> [Goal of the exercise] Of the lines below, write out exactly those from the line with "Delta Phi Epsilon" through the line with "Jika Pak Bos", both included, and skip the rest.

> [Data shown]
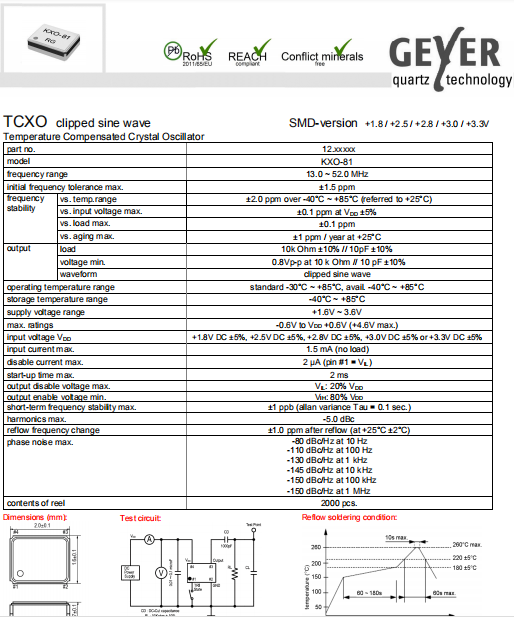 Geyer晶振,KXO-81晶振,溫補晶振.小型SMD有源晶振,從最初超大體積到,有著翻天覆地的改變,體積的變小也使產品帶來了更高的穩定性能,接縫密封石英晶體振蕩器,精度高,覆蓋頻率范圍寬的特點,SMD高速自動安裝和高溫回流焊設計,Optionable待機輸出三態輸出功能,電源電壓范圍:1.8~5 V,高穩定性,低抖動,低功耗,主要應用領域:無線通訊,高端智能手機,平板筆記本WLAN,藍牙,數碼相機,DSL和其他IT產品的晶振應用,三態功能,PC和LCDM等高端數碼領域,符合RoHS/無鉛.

...

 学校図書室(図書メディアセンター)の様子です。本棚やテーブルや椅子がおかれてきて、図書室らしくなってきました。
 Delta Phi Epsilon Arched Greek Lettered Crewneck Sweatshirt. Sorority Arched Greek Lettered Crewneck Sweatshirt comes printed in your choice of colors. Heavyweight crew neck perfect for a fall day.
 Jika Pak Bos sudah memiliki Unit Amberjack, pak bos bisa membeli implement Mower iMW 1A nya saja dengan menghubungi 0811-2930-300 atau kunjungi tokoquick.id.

> [Answer below]
 Delta Phi Epsilon Arched Greek Lettered Crewneck Sweatshirt. Sorority Arched Greek Lettered Crewneck Sweatshirt comes printed in your choice of colors. Heavyweight crew neck perfect for a fall day.
 Jika Pak Bos sudah memiliki Unit Amberjack, pak bos bisa membeli implement Mower iMW 1A nya saja dengan menghubungi 0811-2930-300 atau kunjungi tokoquick.id.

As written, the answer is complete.